Paulo Dybala, Marcos Senesi, Mariano Andújar, Gianluca Prestianni : tous ont tenu à lui rendre hommage, chacun à sa manière, chacun conscient qu’un pilier du vestiaire s’apprête à s’en aller.
Rodrigo De Paul, lui, est allé plus loin, avec un message dédié dans une story Instagram. Il y raconte leur quotidien en sélection, ces rituels partagés depuis son arrivée :
« Depuis le jour où je suis arrivé en sélection, tu as ouvert la porte de ta chambre, et depuis nous avons gardé les mêmes rituels. Mes remerciements pour toi, mon frère, sont éternels. Tu as été un exemple à suivre et l’un des leaders de la belle histoire que cette équipe a construite. Merci pour tout, tu vas me manquer. »
Des mots de vestiaire, bruts, qui disent mieux que n’importe quelle statistique ce qu’Otamendi représentait dans ce groupe.
D’un rôle de taulier à celui de mentor
À 38 ans, cette décision n’a rien d’une surprise. Elle ressemble plus à une évidence assumée qu’à un coup de tonnerre. Otamendi faisait déjà partie de ceux dont l’avenir en sélection paraissait compté pour les prochaines échéances de l’Albiceleste.
Titulaire indiscutable lors de la Coupe du monde 2022 au Qatar, où Lionel Scaloni lui avait confié les clés de la défense, il avait vu son rôle évoluer quatre ans plus tard. En 2026, il n’est plus le pilier, mais le renfort d’expérience, le soutien de l’ombre. Lisandro Martínez a pris sa place aux côtés de Cristian “Cuti” Romero dans la charnière type.
Otamendi n’a pas disparu, il a muté. Du soldat de première ligne au vétéran qui encadre, qui parle, qui transmet. Cette transition, il l’a acceptée sans scandale, sans plainte publique. Un signe de plus de son poids silencieux dans le groupe.
Un style brut, une image gravée
Depuis ses débuts à Vélez Sarsfield en 2008, Otamendi a imposé un style sans fioritures. Rugueux, intransigeant, abrasif. Un défenseur qui n’adoucit pas les contacts, qui ne recule pas dans les duels, qui impose sa présence bien plus par l’impact que par l’esthétique.

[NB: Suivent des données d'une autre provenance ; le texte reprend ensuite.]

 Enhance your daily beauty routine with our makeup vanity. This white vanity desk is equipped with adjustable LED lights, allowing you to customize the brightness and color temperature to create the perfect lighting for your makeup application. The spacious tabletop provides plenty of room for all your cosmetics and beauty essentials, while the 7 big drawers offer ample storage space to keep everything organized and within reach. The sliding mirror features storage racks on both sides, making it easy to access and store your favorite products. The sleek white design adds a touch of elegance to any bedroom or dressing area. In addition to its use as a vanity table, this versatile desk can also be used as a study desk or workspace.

Sa marque de fabrique : une férocité aérienne presque paradoxale pour un joueur de 1,83 m. Taille respectable pour le championnat argentin, moins impressionnante sur la scène internationale. Pourtant, dans les airs, il dominait.

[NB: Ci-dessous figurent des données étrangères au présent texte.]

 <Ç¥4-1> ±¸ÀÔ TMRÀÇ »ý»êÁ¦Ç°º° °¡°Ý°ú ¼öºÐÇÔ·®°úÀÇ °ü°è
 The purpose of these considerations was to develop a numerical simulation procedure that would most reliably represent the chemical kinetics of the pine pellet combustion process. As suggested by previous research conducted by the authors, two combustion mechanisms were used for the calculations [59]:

Une image résume tout : lui, dominant Harry Souttar, 1,98 m, lors du huitième de finale contre l’Australie à la Coupe du monde 2022. Ce duel, devenu iconique, dit tout d’Otamendi : un défenseur qui refuse la logique, qui compense chaque centimètre par une volonté brutale.
Dans la lignée des géants
Otamendi quitte la sélection avec autre chose qu’une simple ligne au palmarès. Il laisse un modèle. Une façon de défendre, d’aborder le combat, d’habiter le maillot.

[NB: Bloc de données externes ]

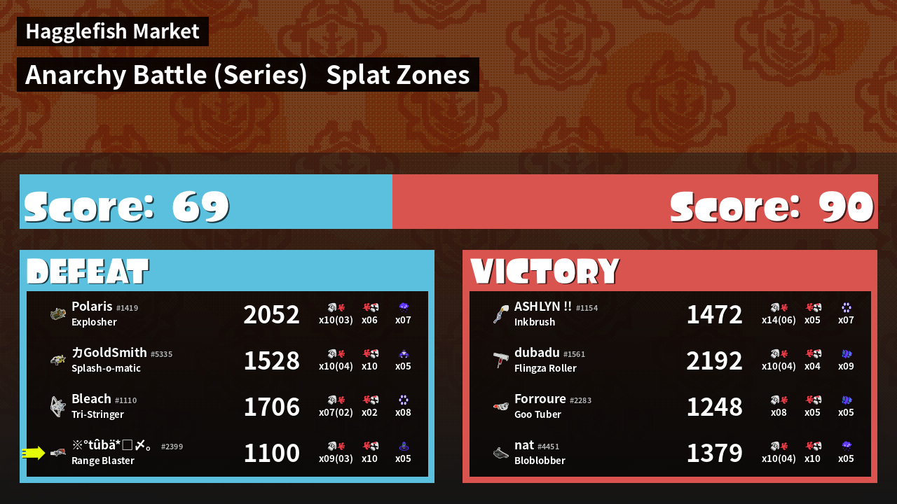 | Medals | #1 Splat Zone Guard #1 Splat Zone Hero #1 Ink Consumer | ||

Détermination, férocité, compétitivité obsessionnelle : ce sont les traits qu’il lègue à ceux qui suivront. Il rejoint, par ce mélange de caractère et de constance, la lignée des grands défenseurs argentins, aux côtés de Daniel Passarella, Oscar Ruggeri ou Roberto Ayala.
La question n’est plus de savoir ce qu’il a gagné. Mais qui, dans cette nouvelle génération de défenseurs, osera reprendre ce flambeau brûlant sans en atténuer la flamme.